For the second time in 2 weeks, Gary Mohr, the Kasich-appointed Director of the Department of Rehabilitation and Correction (DRC), has been accused of playing politics by firing Democrats working within his department.
On June 22nd, Mohr fired the only two Democrats on the Parole board. The only reason given was the desire to take the board in a “new direction”, obviously one that involved fewer Democrats on the board.
And last night, after arriving as usual for his late-night shift at the Belmont Correctional Institution, Correction Officer Charlie Daniels was notified that Mohr had signed a letter authorizing his removal.
Daniels, a six year veteran of the United States Navy, had been a dedicated employee of the state for 18 years. But earlier this year Daniels did something that got him flagged by the Kasich administration, and by Kasich appointees at the DRC, and ultimately led to his firing 2 days before the 4th of July.
In January, Daniels declared his candidacy for state wide office (as a Democrat), something Ohio’s “little Hatch act” is intended to prevent classified government employees from doing. And in March, Daniels defeated two other Democrats to become the candidate for Ohio’s new 95th House District, where he is challenging Republican State Rep (and heir to the Bird Watcher’s Digest fortune) Andy Thompson.
Yesterday the Ohio Civil Service Employees Association (OCSEA) released a statement that called Daniels removal “fundamentally unfair” claiming it “goes against all the democratic freedoms that our founding fathers fought for and that our military men and women continue to fight for today”. Christopher Mabe, OCSEA President, defended Mr. Daniels, saying he “has played by the rules, served his country and is now being shut out of the democratic process. Now he’s a second-class citizen. It’s just plain wrong.”

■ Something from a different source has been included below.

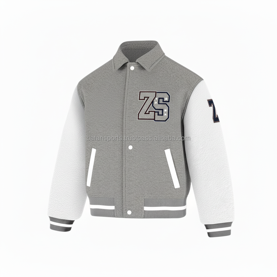 Premium Wool Fleece Varsity Jacket 450 GSM Soft Texture White Leather Sleeves Gray Body Custom Chenille Varsity Jacket for man

I spoke with Mr. Daniels at length yesterday and he confirmed the story of the firing. Daniels also said that he’d spoken directly with representatives from Governor Kasich’s office and Secretary of State Husted’s office back in April, and the conversations couldn’t have been more different.
According to Daniels, the advice provided by the SOS’s office indicated that he would likely need to resign from his position with the DRC if he won his race in November, but he could continue his bid for office. While Kasich’s attorneys, according to Daniels, appeared to be searching for legal ways to remove the long-time correction officer from his job.
The administration may have been within their rights to fire the only Democrats on the Parole Board and a Correction Officer running for office as a Democrat, but exerting those rights in this way only helps lend credence to Kasich’s much-deserved reputation for turning every situation into an opportunity to play politics.
With Kasich’s poll numbers again trending downward (40% approval and 44% disapproval last week), the Kasich administration has been actively working to distance themselves from the anti-union specter of SB5, trying to shift to a message of bipartisanship.
So far they haven’t changed a lot of minds, and the reason should be obvious.
Messaging is one thing. Actions are another. And firing a long-time state employee and veteran two days before our nation’s Independence Day, solely for running for office as a Democrat, completely undermines claims that Kasich’s administration is actively pursuing an agenda of bipartisanship. Clearly Team Kasich is having a problem living up to their own hype.